What to work on:
Begin with the line below holding "Clase de artes" and go on through the line holding "ダイサギやアオサギの群", duplicating each line exactly and leaving out pictures.

*** Information given ***

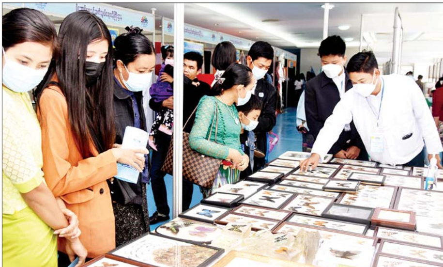
ရှားပါးလိပ်ပြာပြခန်းတွင် လေ့လာနေကြသူများကို တွေ့ရစဉ်။
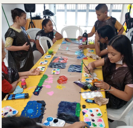
Clase de artes
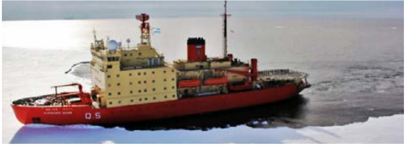
El convenio para llevar adelante esta iniciativa fue rubricado por los ministerios de Defensa, Ciencia y Relaciones exteriores el pasado 9 de diciembre, y establece que la coordinación de las acciones está a cargo de la Cancillería, a través de la Dirección Nacional del Antártico (DNA) o el Instituto Antártico Argentino (IAA).

"Estamos iniciando el montaje de estos laboratorios en el rompehielos Irizar, estamos recuperando la Base Pe-
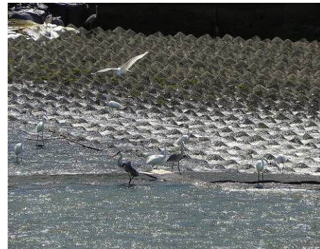
ダイサギやアオサギの群
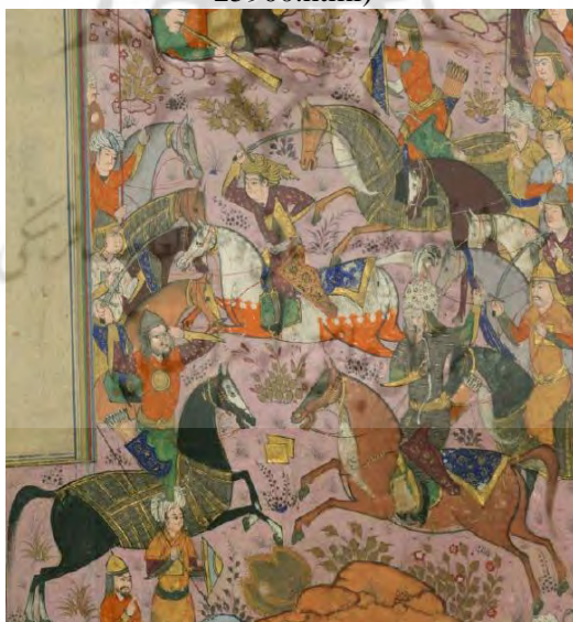
تصویر شماره ۸: صحنه نبرد و اسبان با تن‌پوش‌های تمام‌تنه و نیم‌تنه، کپل‌پوش و حناندوده‌شده (شاهنامه والترز W602) ( https://www.thedigitalwalters.org/Data/WaltersManuscripts/html/W602/description.html )
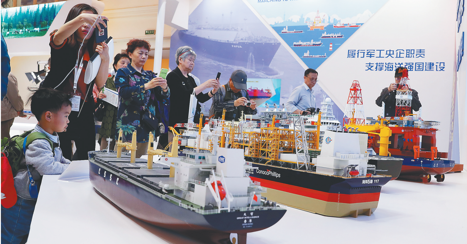
参观者在中国船舶工业集团展位参观。

据新华社上海5月10日电 2018年中国品牌日活动5月10日在上海拉开帷幕。 日前,中共中央政治局常委、国务院总理李克强就加强品牌建设作出重要批示。 批示指出:加强品牌建设,增加优质供给,是实现高质量发展、更好满足人民群众对美好生活需要的重要内容。近年来,在各方共同努力下,我国品牌建设取得积极进展。新形势下,各地区、各部门要以习近平新时代中国特色社会主义思想为指导,认真贯彻落实党中央、国务院决策部署,坚持以推进供给侧结构性改革为主线,立足我国实际,借鉴国外经验,深入实施创新驱动发展战略,促进提高全要素生产率和企业综合竞争力,以大众创业、万众创新和“互联网+”汇聚各方面力量,瞄准人民群众的新需要和不断升级的市场需求,着力增品种、提品质、创品牌,弘扬企业家精神和工匠精神,使更多中国品牌伴随中国制造走向世界、享誉世界。
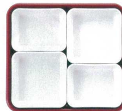
⑧ 仕切Mセット (③×2・④×2) ¥1,860
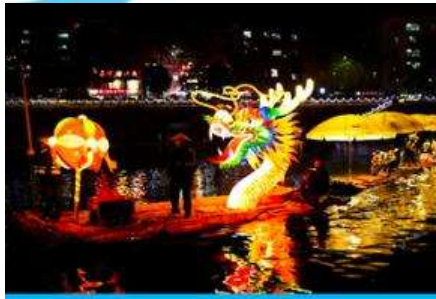
นั่งเรือมังกรเที่ยวชมความงาม
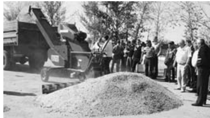
Техника Ростсельмаш помогает аграриям и растить урожай, и убирать, и хранить его.

ки для оперативной перегрузки зерна в местах его хранения. Многие из аграриев, например, знают о быстро монтируемых мобильных сборно-разборных колёсных зернохранилищах, но стационарные загрузочно-разгрузочные механизмы «утяжелют» их стоимость чуть ли не в два раза. Вот бы эти механизмы полегче, мобильнее, универсальнее!
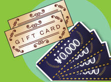
図書券・テレカ・金券 ※有効期限が3ks月以上のもの
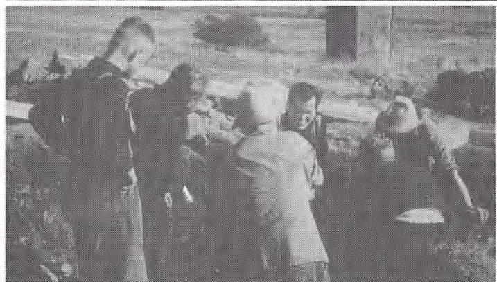
Die Hütte, das Herzstück unseres Vereinslebens damals wie heute!
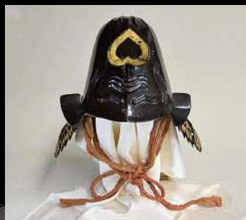
松江藩士の兜 / 江戸時代 / 館蔵
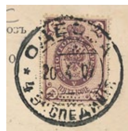
Abb. 2: Uni Odessa 1907 Medizinische Fakultät, Briefmarke von der Kartenrück- seite.
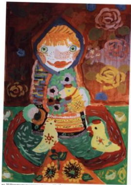
ил. 50 Интерьер по мотивам украинки (61х42 см)
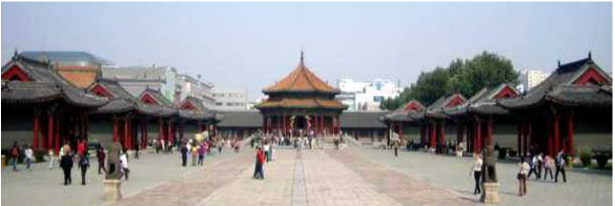
(청나라 발원지 - 선양 故宫)

1625년, 여진족 국가인 후금(后金)이 랴오양(辽阳)에서 선양으로 천도하며 1636년에 지어진 왕궁으로 청조(清朝) 건국의 기초를 닦은 태조 누루하치(努尔哈赤: 1559-1626년)와 태종 황타이지(皇太极: 1592-1643년)가 실제로 이 궁에 거주하였음. 청나라 황실이 북경으로 천도하기 전까지 청나라의 첫 번째 궁이었으며, 6만 평방미터의 부지에 만주식 건물의 특징을 지닌 90여 개의 건축물로 구성되어있음

*** End of Information given ***

Result:
Clase de artes
El convenio para llevar adelante esta iniciativa fue rubricado por los ministerios de Defensa, Ciencia y Relaciones exteriores el pasado 9 de diciembre, y establece que la coordinación de las acciones está a cargo de la Cancillería, a través de la Dirección Nacional del Antártico (DNA) o el Instituto Antártico Argentino (IAA).

"Estamos iniciando el montaje de estos laboratorios en el rompehielos Irizar, estamos recuperando la Base Pe-
ダイサギやアオサギの群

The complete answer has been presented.